O3. Cultivate new leadership for a healthy society
Opportunity Cultivate new leadership for a healthy society Recommendation The nation should encourage community leadership in a “flash mob for health” that increases wellbeing, vitality and supports each person’s potential to move toward a flourishing society at all levels and in all sectors and communities. Great leadership has a sense of purpose that generates commitments and great followership. Community leadership education and development processes can use an ecological whole person model. This form of leadership is at once personal and in concert with others who can mobilize people to rally around taking responsibility for health at both the individual and community levels. People need to learn how to self-lead as well as how to lead others in team-based learning that begins with a vision of a healthier society. Learning communities create connections that foster the capacity to listen to the perspectives of both older and younger people and to cross boundaries between fields and organizations so that health permeates all sectors.
The keys to fostering leadership for health so that the nation flourishes through community engagement include:
- Convene local leadership sessions supported by people from the military, the Peace Corps, business and recognized non-profit organizations.
- Create a cultural change leadership group dedicated to fostering the movement to bring about the profound cultural shift and vision of healthy people in healthy places.

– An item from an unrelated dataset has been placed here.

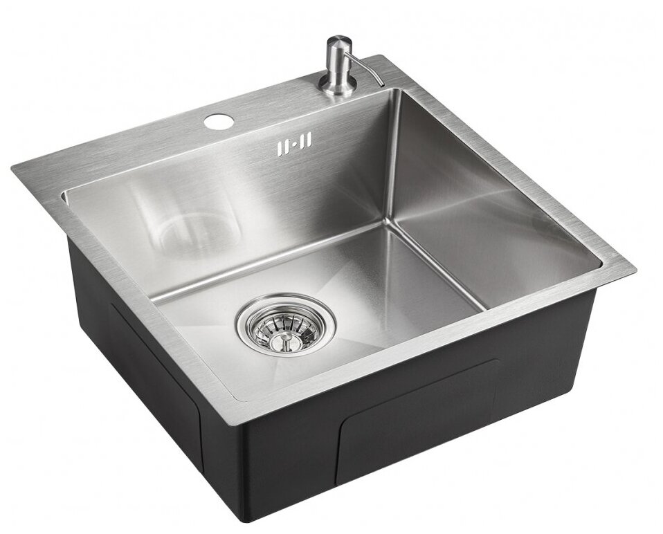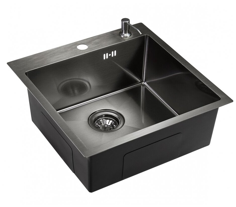PVD покрытие, Матовая, Нет, Перелив, С сифоном, отверстие под смеситель, сливная арматура
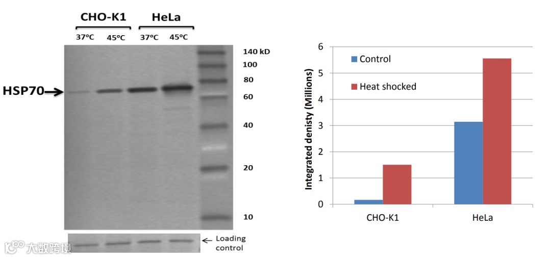 当 CHO 和 HeLa 细胞暴露于热休克处理时, HSP 70 蛋白含量增加

- Communicate the key concepts of health, wellness, salutogenesis and holism using words such as flourishing and wellbeing which people relate to easily.
- Offer leadership teachings to various audiences, including youths and elders, who can diffuse lessons through schools and community projects.
- Create a National Health Corps that includes chapters and programs for people at various stages of their careers and connects virtual as well as geographic communities.
- Use a case-based learning process that incorporates complexity theory and change management knowledge applied through teams that support community health.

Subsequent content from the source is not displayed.